Dataset entries
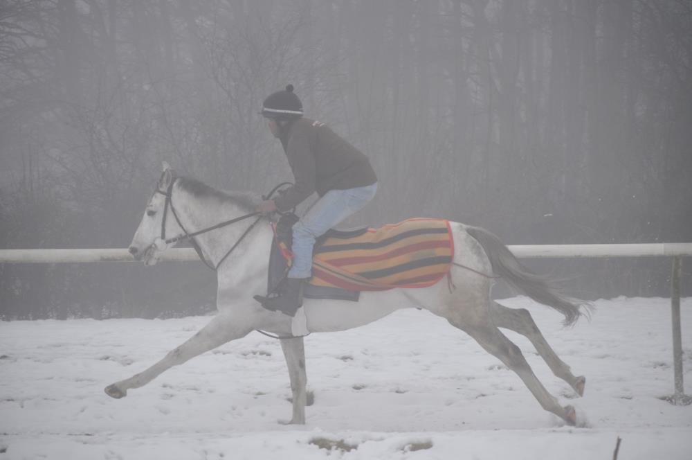 Sunday threw even more snow at us and his mornings thaw was barely noticeable although by this afternoon we could see green paddocks under water and our plumbers spent all day fixing burst pipes. Poor Gorse had to move house as his box was under water this morning, and he almost needed armbands but we did manage to get two lots out this morning including tomorrow’s runner whose race looks ideal but she has missed some work.
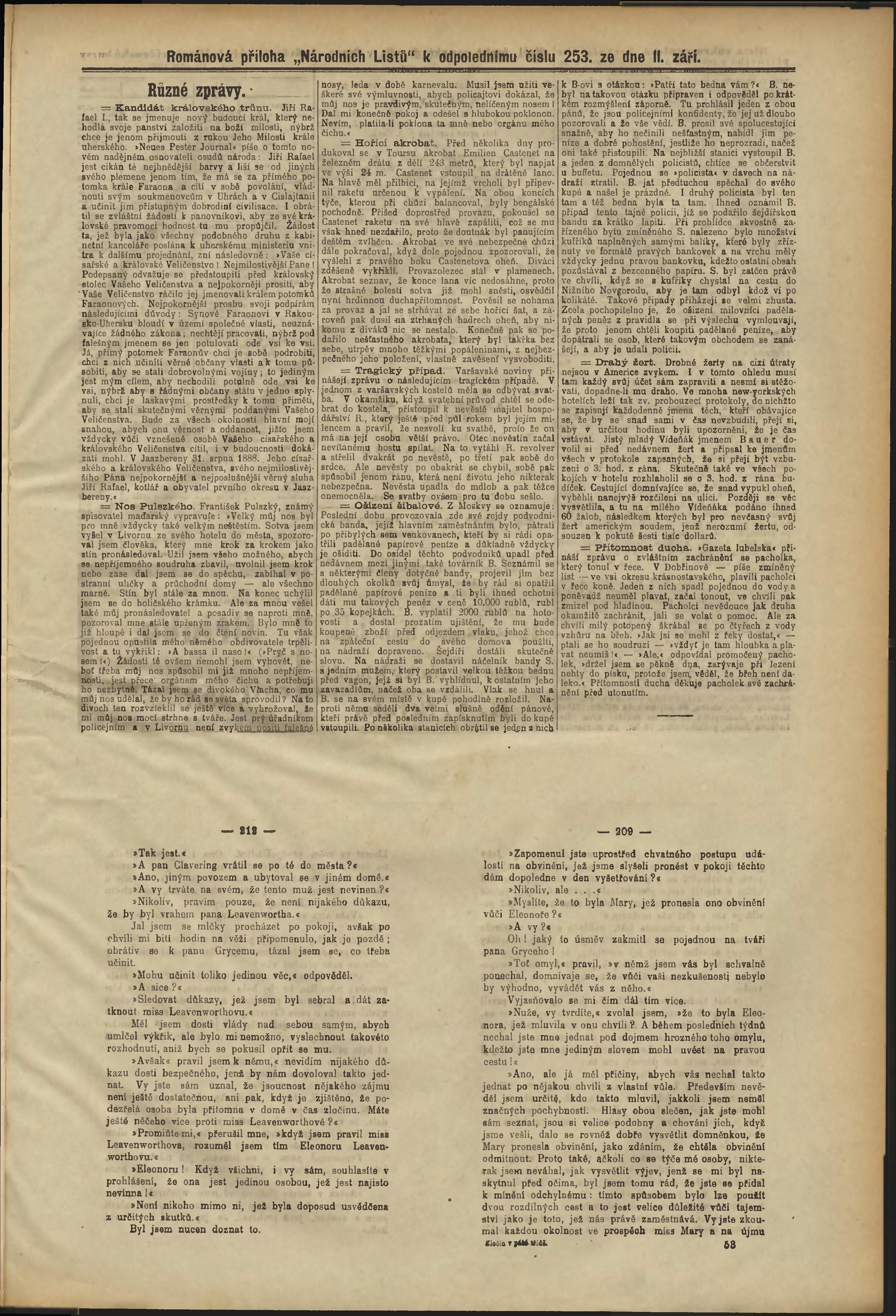 * Datum vydání výtisku: 11.9.1888 Číslo výtisku: 253 Poznámky k výtisku: odpolední vydání;
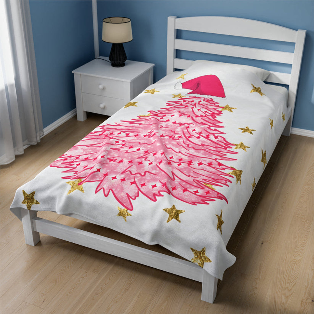 FUNSTUFFPRINT Pink Tree Velveteen Plush Blanket
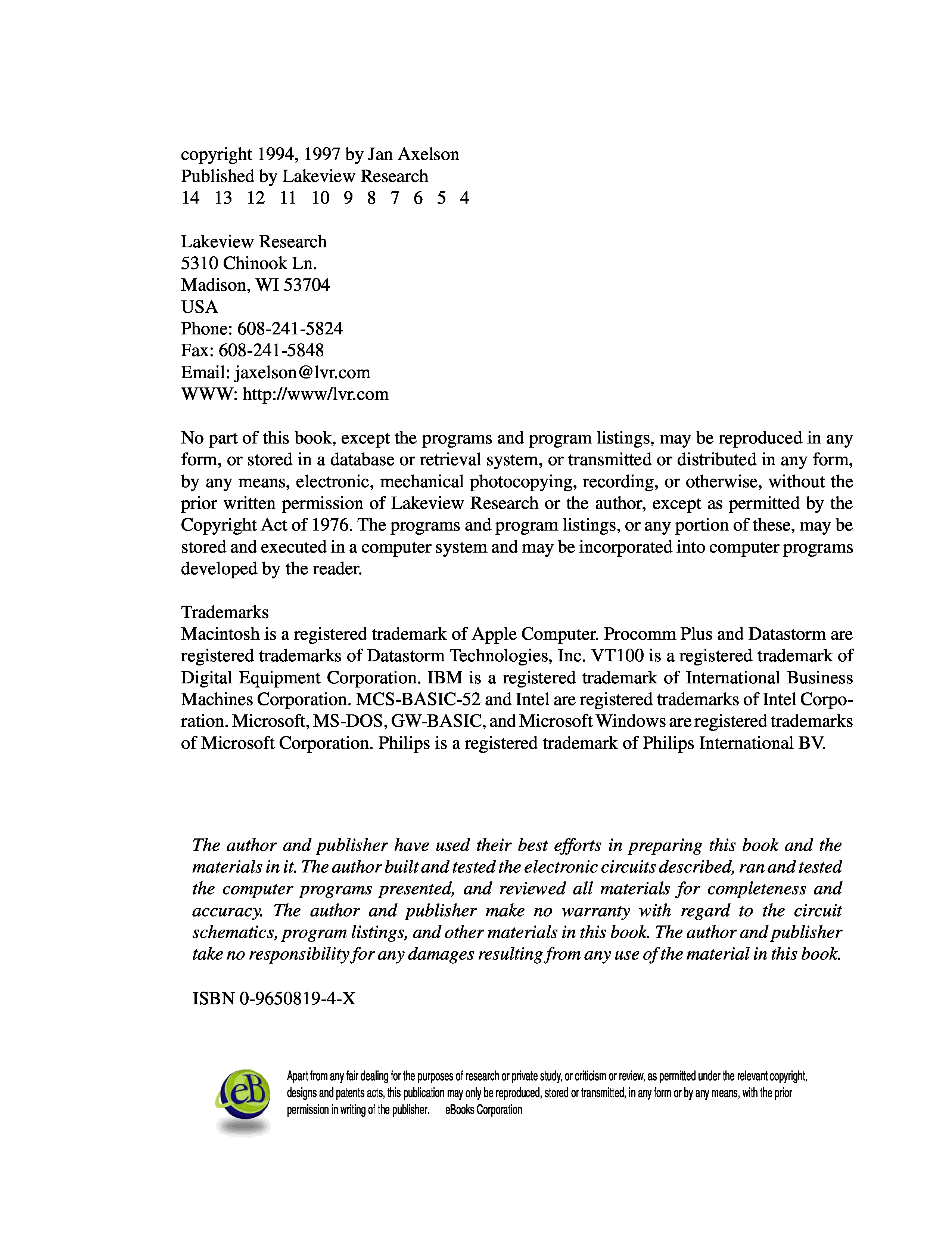 "The Microcontroller Idea Book Circuits, Programs, Applications featuring the 8052-BASIC Microcontroller Jan Axelson" - читать интересную книгу автора (Jan Axelson, Lakeview Research) |
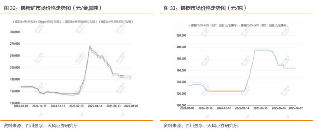 市集综述:本周(2025.8.1-2025.8.7)国内锑锭价钱下调。2#高铋锑锭市集价钱为17.85万元/吨,2#低铋锑锭市集价钱为18.25万元/吨,1#锑锭市集价钱为18.45万元/吨,0#锑锭市集价钱为18.75万元/吨,均价较上同期下调0.2万元/吨。本周氧化锑价钱调,99.5%三氧化二锑市集价钱15.35万元/吨,99.8%三氧化二锑市集价钱16.5万元/吨,均较上周同期价钱下调0.2万元/吨;本周来看,卑劣结尾需求还是处于相对底部,光伏玻璃减产预期还是完毕,需求疲软致使各厂家纷繁下调价钱,成交价钱相对蚁集,举座廉价货难买,原料端报价仍相对坚挺,7月锑锭举座供应仍成下行趋势,供应端依旧保持偏垂死的近况,现在主要所以破钞库存为主;市集举座成交情况平平,心态也多随行就市,惊奇老客户为主,刚需成交一单一议;出口方面,业内东谈主士称,极少有居品出口,举座收复并不好。国际价钱方面近两周报价略有下调,有业内东谈主士称现在对国际价钱关怀度不高,国表里价钱总会达到一种均衡,国际价钱总归会下调,下降原因可能受夏休需求端影响,但国外冶真金不怕火厂已建成分娩的音信有待阐述。
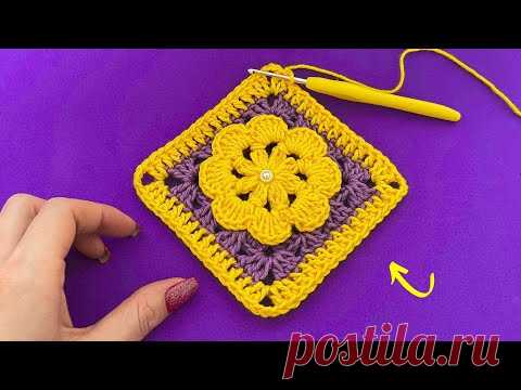 КВАДРАТ С КРАСИВЫМ ЦВЕТОМ ВЯЗАНИЕ КРЮЧКОМ
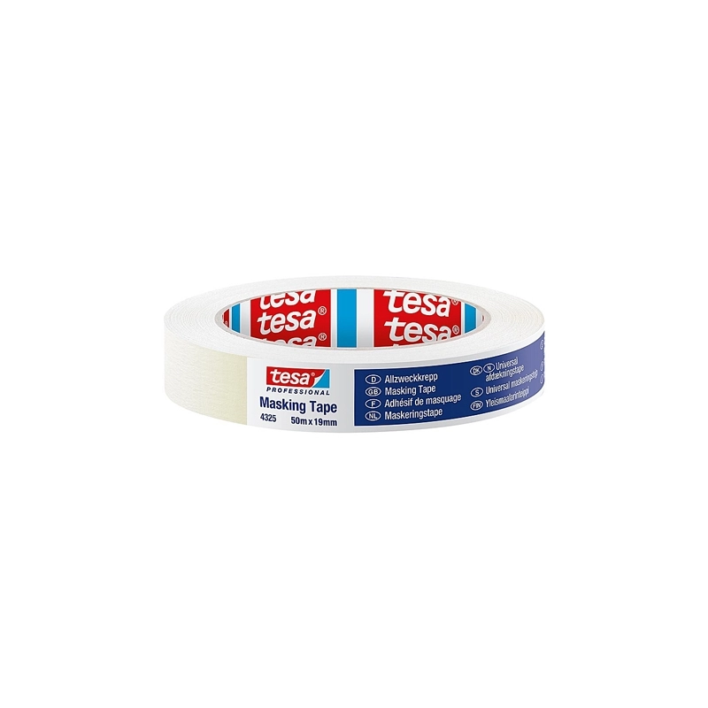Nastro in carta leggermente crespata e massa adesiva in gomma naturale. Resistente all'umidita', adatto per mascheratura universale. Spessore totale 120 micron. Adesivita' 2,6 N/cm. Allungamento alla rottura 10,0 %. Lunghezza 50 mt. Modello = larghezza nastro mm
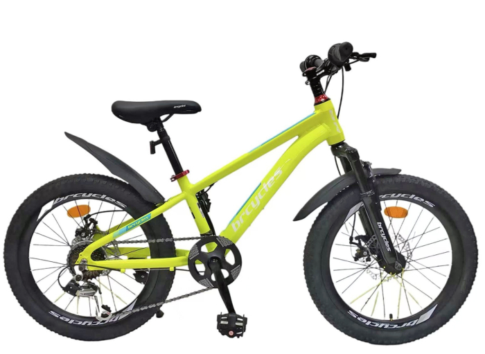 Bicicleta copii 20" BR Tornado, cadru aluminiu 12", manete revoshift, frane disc, 7 viteze, galben fluo, varsta 7-10 ani

§ **THE PROBLEM**: Taking the entries above, extract every line from the one bearing "FUNSTUFFPRINT Pink Tree" through the one bearing "Lakeview Research) |", exactly, with no pictures.

§ **FINAL ANSWER**:
 FUNSTUFFPRINT Pink Tree Velveteen Plush Blanket
 "The Microcontroller Idea Book Circuits, Programs, Applications featuring the 8052-BASIC Microcontroller Jan Axelson" - читать интересную книгу автора (Jan Axelson, Lakeview Research) |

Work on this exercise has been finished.